2013-05-23
Why web robots sending Referer
headers is wrong
I've written before on my view that web robots of all sorts should
never send a Referer
header. In those entries I mostly said 'don't do
that' without giving a solid philosophical argument about why, so today
I feel like changing that.
(Not that a philosophical argument actually matters. Proper behavior
on the web is defined by social convention, ie by what lots of other
people do and expect, not by arguing with people over what makes
sense. Whether or not you agree with a social convention you break it
at your peril, and today robots not sending Referer
headers is a
well established social convention that I will ban you for violating. And anyways the people who should read this never
will.)
There are two philosophical reasons why it's wrong for robots to
send Referer
headers. The first is inherent in what the Referer
header means, namely 'I just followed a link from page <X>'. This is a
description of human behavior but not really of robot behavior; almost
no web robot actually traverses the web in that way, finding links and
immediately following them. If you crawl web pages, accumulate links,
and then some time later crawl those links, you are not 'following a
link' in any conventional sense. Worse, what happens if you discover
the same link through multiple source documents? Which document gets
'credit' and appears in Referer
?
(Yes, yes, this is not quite the spec definition, which kind of permits the 'I found it here' meaning that robots sometimes use. It is instead the practical definition of the header, as defined by how most everything behaves.)
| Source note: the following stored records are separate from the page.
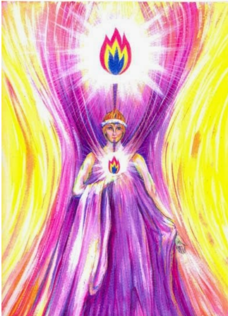
ELOHIM ARCTURUS “YO SOY EL CETRO”

grande que toda la Tierra; luego, a medida que Nos fuimos acercando cada vez más al trabajo de clase, hubieran visto Mi forma – revestida con la misma túnica violeta y la misma corona enjoyada de los Elohim – hacerse más y más pequeña en tamaño, pero no menos potente en poder , eso se los aseguro.
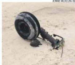
Uma das rodas do aparelho sinistrado

O Parlamento Europeu (PE) decidiu na terça-feira reclamar a constituição duma «investigação internacional independente» para a investigação do assassinio do político russo Boris Nemtsov.
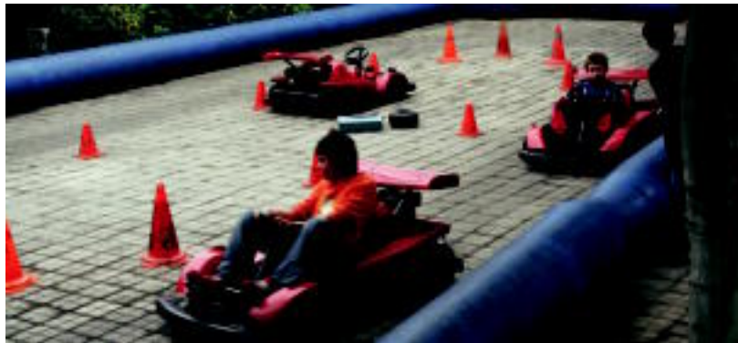
Kart-etan ibili ziren gazteboak. Denek birak eman ahal izateko lerroan ibareron zuten. N. URBIZU

UGARTE ▶ Zaldi lasterketa egin ez bazuten ere, haurrek kalean jarritako eskaintza guztiez gozatu zuten: kart-ez, puzgarriez eta zaldiez
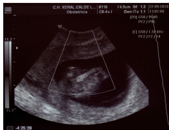
Figura 7 – Ecografía vaginal, caso 2. Con doppler color se pretende demostrar la existencia de una única arteria umbilical funcional.

Foster propuso la primera clasificación de la sirenomelia, utilizando como criterio básico el número de pies. Simelia apus correspondería a aquellos casos que no tienen pies, simelia unipus cuando está presente un pie y simelia dipus si están
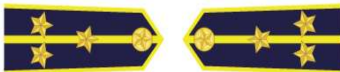
Kiểm ngư viên
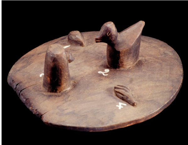
Fig. 1 - Testo oferecido pela mulher ao marido. MAUC. D.84.1.390

Para explicar e definir o conceito desta forma de correspondência na sociedade e cultura Woyo tradicional tornou-se essencial compreender o paradigma subjacente àquela prática de representação, ou seja, avaliar quais os símbolos utilizados e as convenções do seu funcionamento enquanto sistemas de comunicação. Um facto se destacava recorrentemente: a utilização sistemática de motivos plásticos seguidos da respectiva associação ao provérbio ou provérbios que estabeleciam a interpretação dos conceitos.
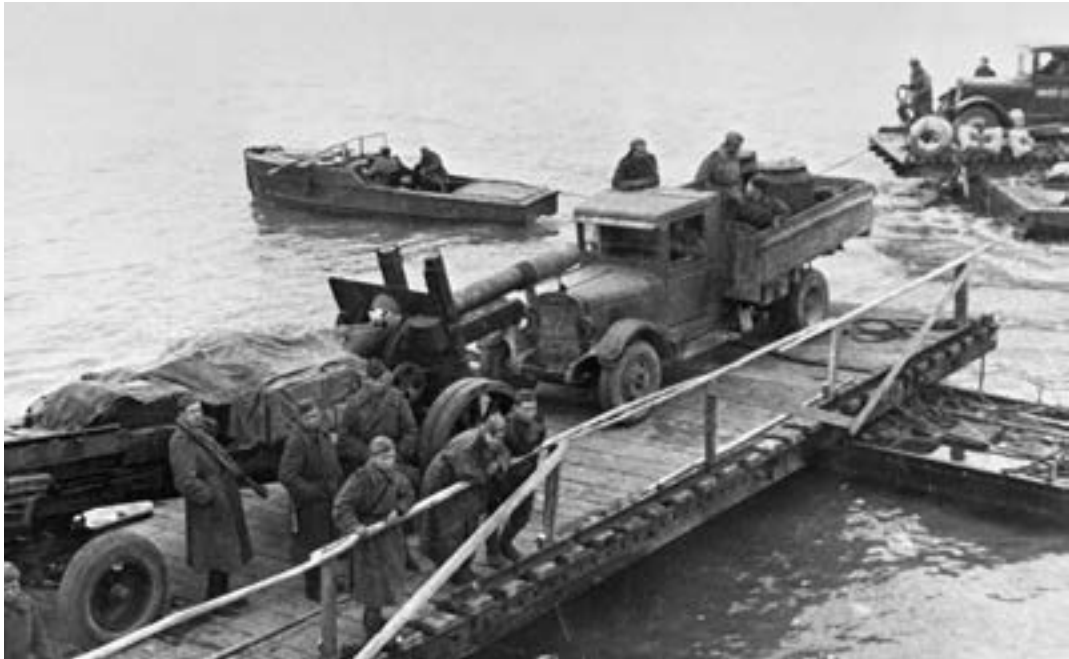
Переброска советской тяжелой артиллерии на остров Сааремаа
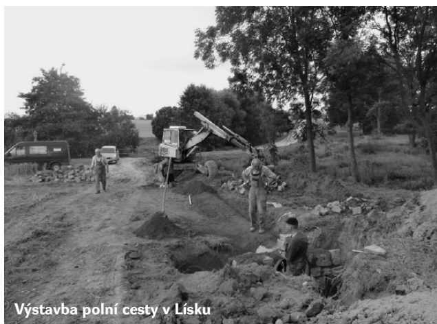
Výstavba polní cesty v Lísku

So, you say, you don't care; you want to use Referer
as a kind of
'this is what links to you' field for servers. I can summarize a bunch
of problems here by saying that the Referer
field is a terrible way
to communicate this information to web operators, fundamentally because
you are trying to use a side effect of HTTP requests to pass on what may
be a huge amount of information. If you actually want to be useful you
should make this information available on your own web site where people
can see and fetch it in bulk.
Finally, the brutal truth is that 'who links to me' is by far less
interesting than 'who is sending human traffic to me (right now)'. By
far the most valuable part of Referer
is information on where real
(human) visitors are coming from, to the extent that it's possible
to find this out. Being read by people is
the ultimate purpose of most web pages, which makes what places are the
source of traffic and active links something of decided interest to
us. And this sort of human behavior has very little to do with either
robot behavior or what potential links exist out there in the world.
Mingling either your robot's actions or a 'helpful' attempt to tell us
about the latter is not doing us any favours; rather the contrary, in
fact (this is one large reason that I react angrily to robots sending
Referer
).
(There is also the inconvenient fact that once you're operating a decent sized site you're not likely to really care about who links to you because there will be far too many links out there, most of them in increasingly obscure and unimportant places. The links you do care about are exactly the links that send you significant traffic.)